The High Authority for Health (HAS) authorized, on Friday January 14, the use in France of the vaccine of the American firm Novavax against the coronavirus, with more classic technology and different from the vaccines already widely used in the European Union. This vaccine had been approved on December 20 in the European Union and its use in France was subject to the opinion of the HAS.
This vaccine and that of Janssen (already available for people over 55) can in certain cases be “a useful alternative” for people reluctant to be injected with messenger RNA vaccines from Pfizer and Moderna, judges the HAS in its opinion.
The first injections in France of the Novavax vaccine could take place ” at the beginning of February “, said the Ministry of Health last week. Still according to the ministry, France must receive “3.2 million doses” of this vaccine in the first trimester, and has offered an option for “3.2 million additional doses” in the second trimester. The first deliveries are expected ” at the end of January “ according to the ministry, but “signs indicate that there could be delays”.

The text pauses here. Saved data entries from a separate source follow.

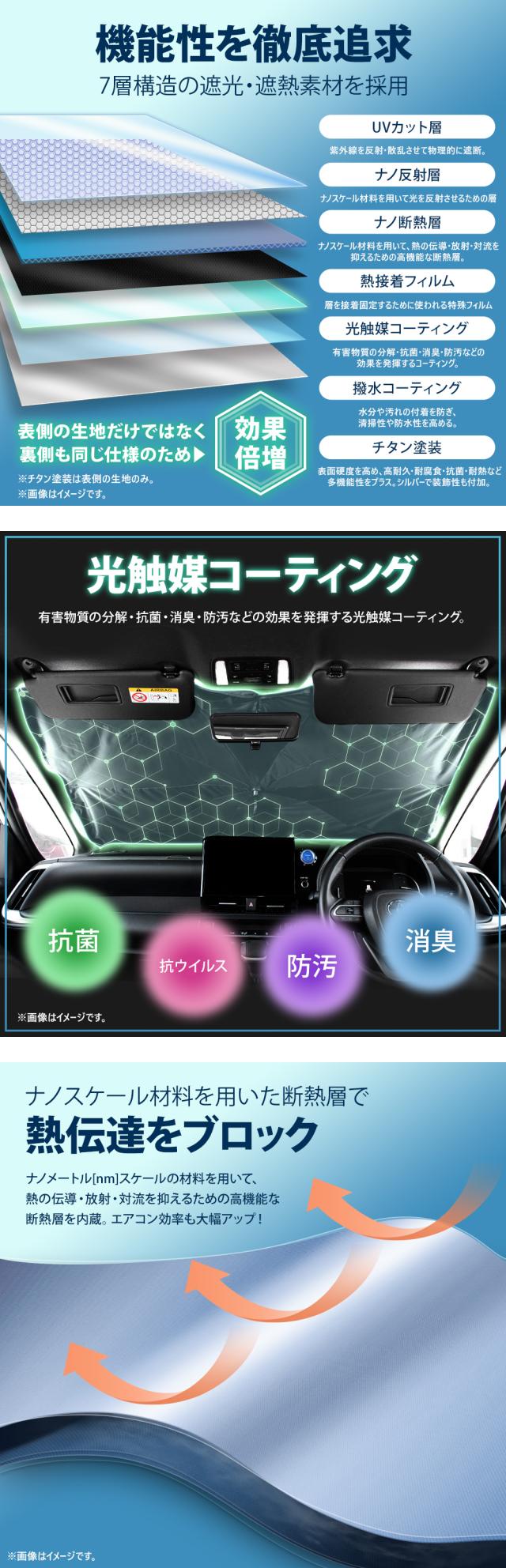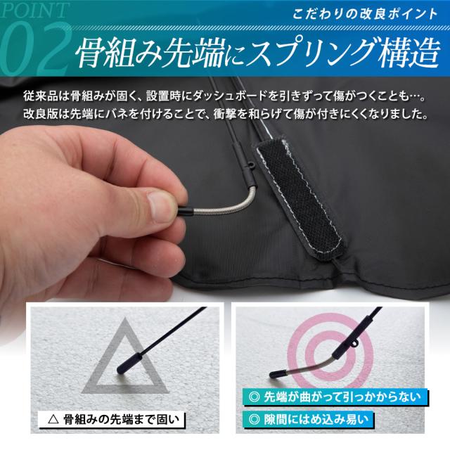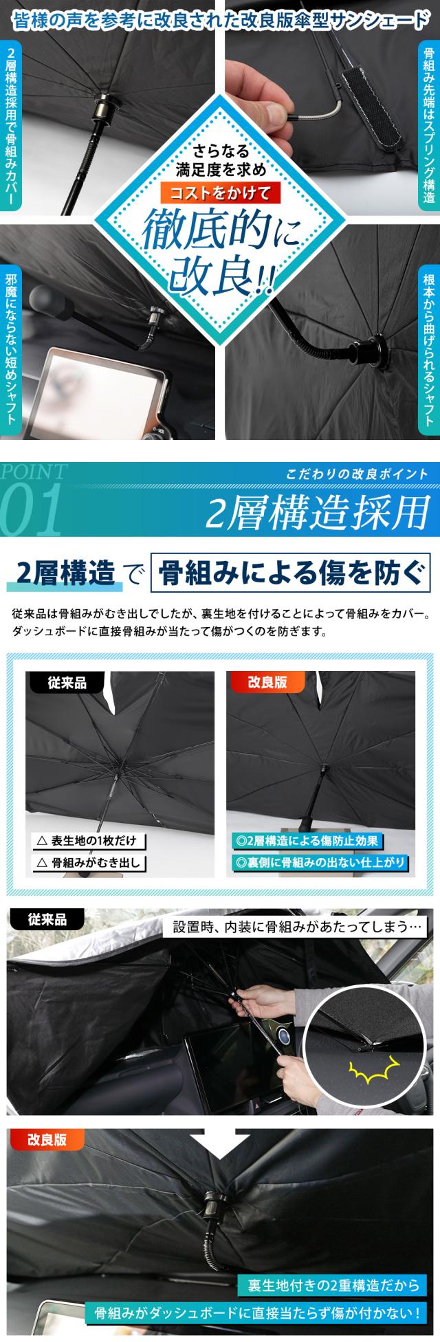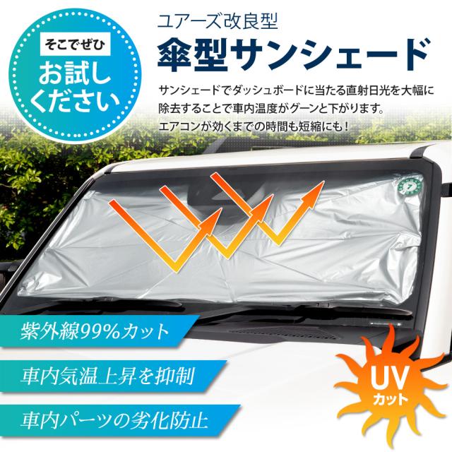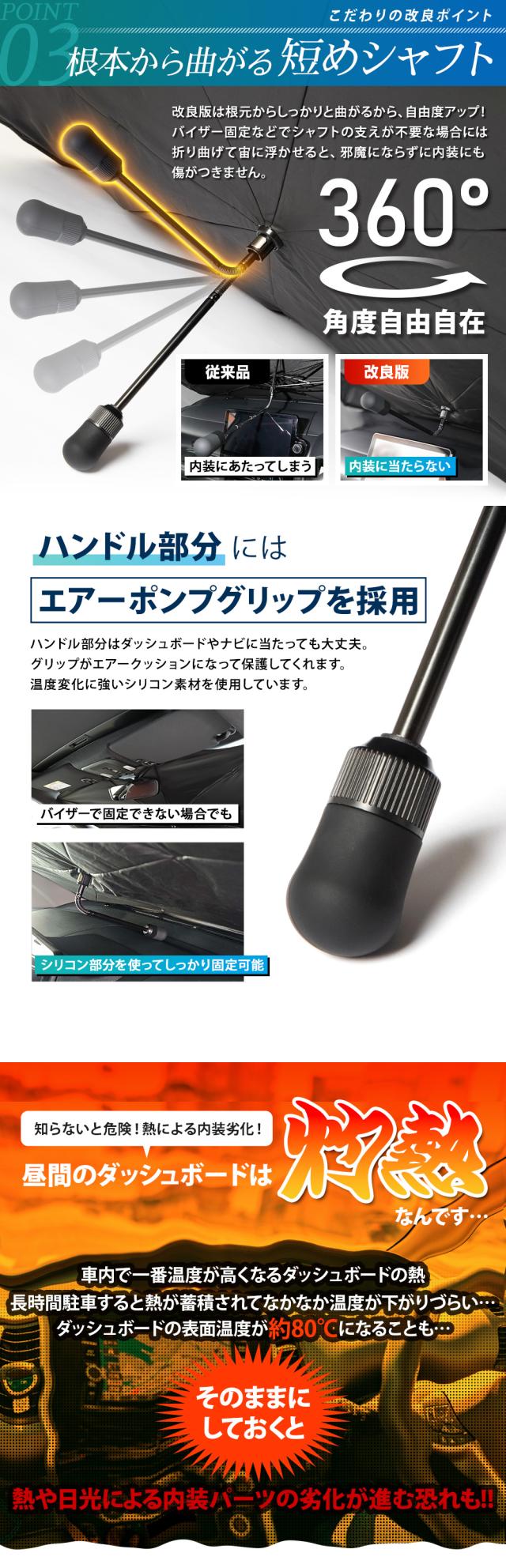 暑さを忘れて眠たくなる涼しさ! 車種適合の改良版傘型サンシェード お客様のお声を参考に、従来品からコストをかけて徹底的に改良しました! ★改良ポイント1:2層構造採用 いままで設置時にダッシュボードや内装に当たってしまっていた骨組みを、覆い隠すように裏生地も取り付けることで、傷を防止! 骨組みが隠れることで見た目もスッキリとした印象に♪ 表地と裏地の間に空気層が生まれることで、断熱効果も期待できます。 ★改良ポイント2:骨組み先端にスプリング構造 従来品は骨組みが固く、設置時にダッシュボードを引きずって傷がつくことも…。 改良版は先端にバネを付けることで、衝撃を和らげて傷が付きにくくなりました! 骨組み先端のスプリングで ズレ防止!自由自在にバネを曲げられるから、ダッシュボードの奥まで設置可能。 曲げることが出来るから、多少傘サンシェードが大きくても設置可能です。 ※特殊サイズは6か所のみがスプリング仕様です。 ★改良ポイント3:根本から曲がる短めシャフト 改良版は根元からしっかりと曲がるから、自由度アップ! バイザー固定などでシャフトの支えが不要な場合には折り曲げて宙に浮かせると、邪魔にならずに内装にも傷がつきません。 ============================= ●お車に取り付けやすい 360°曲がるフレキシブルシャフト&3段階伸縮で車に合わせて調整できる! ミラーポケット付きなので、今までルームミラーが干渉して取付できなかったお車でもV字の開口部にルームミラーをスポッと差し込めるので装着しやすくなっています またマジックテープもついているので、サンシェードの固定にもなります。 ※車種によってルームミラーに取り付けできない場合があります ●傷が入りにくいハンドル保護グリップ ハンドル部分には、熱に強く柔らかいシリコン製エアーポンプグリップを採用。 ぷにぷにとして柔らかいので、ハンドルがダッシュボードや内装・ナビに当たって傷にならないので安心です! ●紫外線を99%カット! サンシェード外側の複合チタン銀コーティングは光の屈折率が高いシェード表面素材は、紫外線を99%遮断して高い断熱能力を発揮します。 駐車時間の車内気温上昇を大幅に抑制したり、車内の内装やシートの劣化、熱変形なども防ぎます。 シェード布地は裏面を黒にしたリバース構造にすることで紫外線や熱エネルギーの反射効果を向上します! ●凹面10本骨構造 シェードの親骨はグラスファイバー繊維を使用。弾力性があり、狭い箇所での設置や調整しやすくなります。簡単に折れにくく耐久性にも優れており、繰り返してご使用いただけます。 |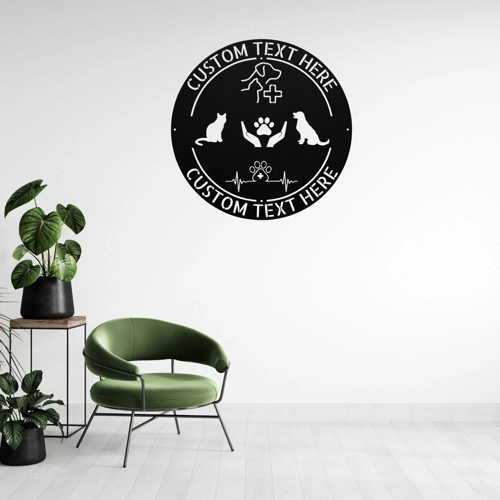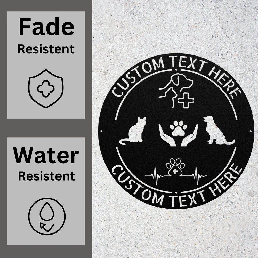 Product Description Personalized Veterinary Name Metal Sign Custom Veterinarian Wall Decor Art Celebrate the dedication and compassion of veterinarians with this Personalized Veterinary Name Metal Sign . Perfect for vet clinics, offices, or homes, this custom wall decor piece is a thoughtful way to honor the hard work and love that veterinarians bring to their profession. Whether as a gift or a personal keepsake, this sign adds a touch of professionalism and warmth to any space. Key Features: Customizable Design: Personalize the sign with a name, clinic name, or a heartfelt message to create a unique and meaningful piece. Premium Metal Craftsmanship: Made from high-quality, durable metal for a polished and long-lasting finish. Versatile Decor: Ideal for veterinary clinics, offices, or homes – a perfect addition to any space that celebrates animal care. Easy to Hang: Comes with pre-drilled holes for quick and easy mounting. Thoughtful Gift Idea: A unique and heartfelt gift for veterinarians, vet techs, or animal lovers. Great for retirements, graduations, or special achievements. Veterinary-Themed Design: Features elegant animal paw prints, stethoscopes, or other veterinary-inspired details to celebrate the profession. Weather-Resistant Finish: Designed for indoor use with a protective coating to prevent rust and fading. This Personalized Veterinary Name Metal Sign is more than just decor – it’s a heartfelt way to honor the passion and dedication of veterinarians. Whether as a gift or a personal keepsake, this engraved sign is a timeless piece that inspires and celebrates the love of animal care. Order now to create a beautiful and meaningful tribute to the veterinary profession! 🐾 Service and Color Choice Our metal signs are designed to be personalized just for you, making them the perfect addition to any space! The default color for our signs is Black , but we also offer a variety of beautiful options including Copper, Gold, White, and Silver . After placing your order, simply contact us with your preferred color choice, and we'll ensure your sign is exactly how you envision it. Let’s create something special together!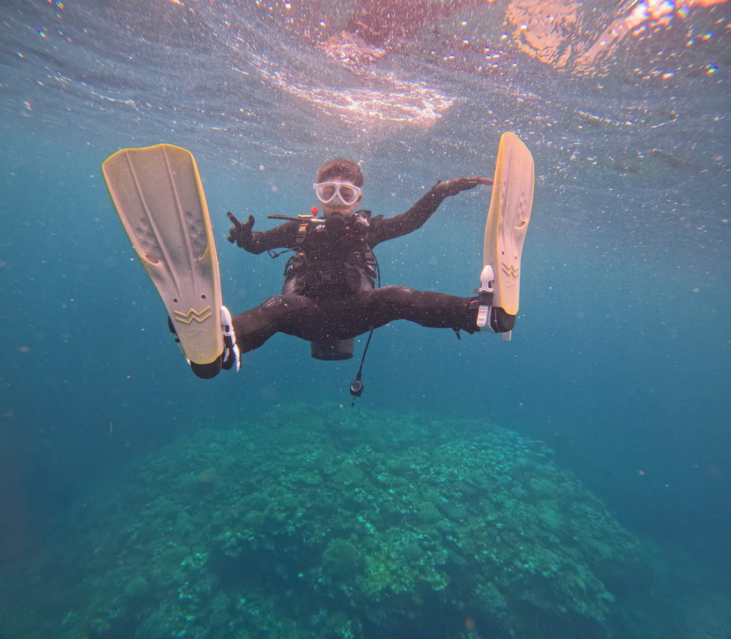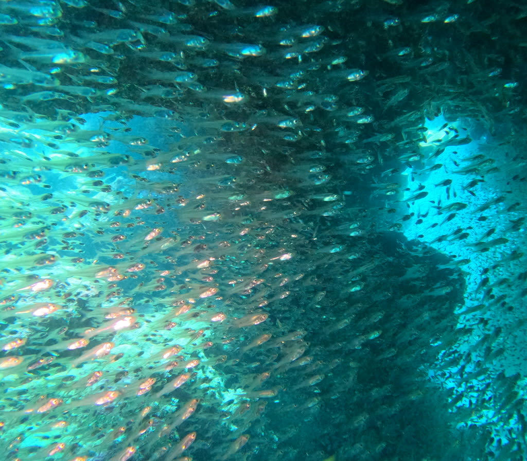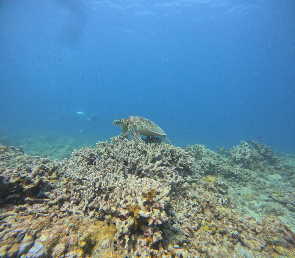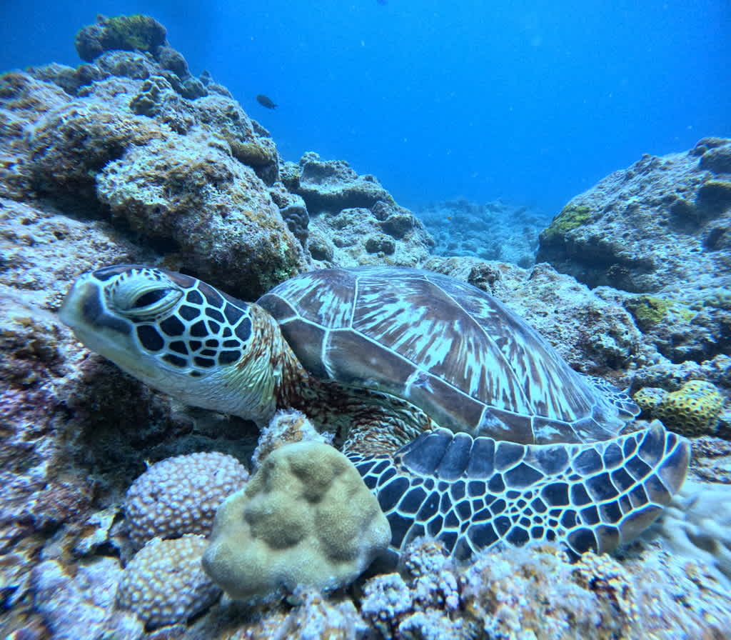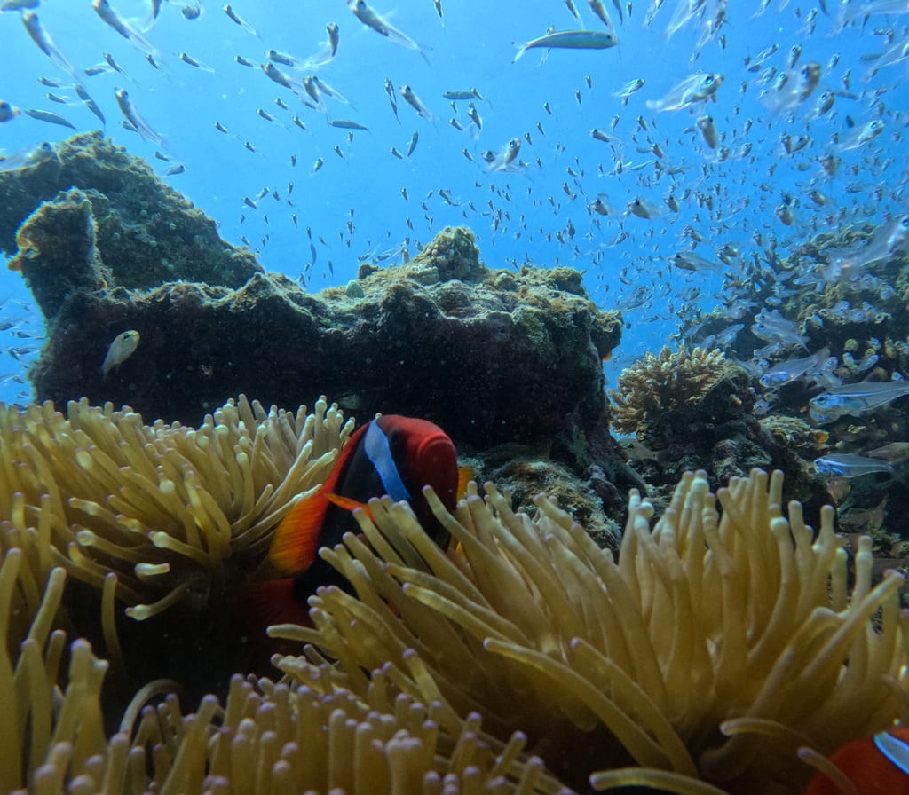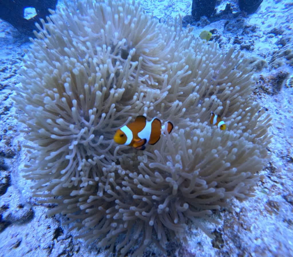 浅いので、スノーケルで魚たちが近くで見れて楽しめます。

This vaccine has the particularity of not using messenger RNA technology, unlike those of Pfizer and Moderna (the only two hegemonic today in France after the gradual abandonment of those of AstraZeneca and Janssen).
Sold under the name Nuvaxovid, this vaccine manufactured by the American laboratory Novavax is a so-called “subunit” : it contains a component of the virus (and not the whole virus like the most classic vaccines), introduced into the body to trigger an immune response.
It is on this technique that the vaccines against pertussis, meningococcal meningitis and hepatitis B are based. This could remove the reluctance of people who refuse to be vaccinated because the mRNA technology is brand new.
“May (this vaccine) be a strong encouragement for the non-vaccinated or those who have not done their recall! », had thus hoped the President of the European Commission, Ursula von der Leyen, when approved in the EU.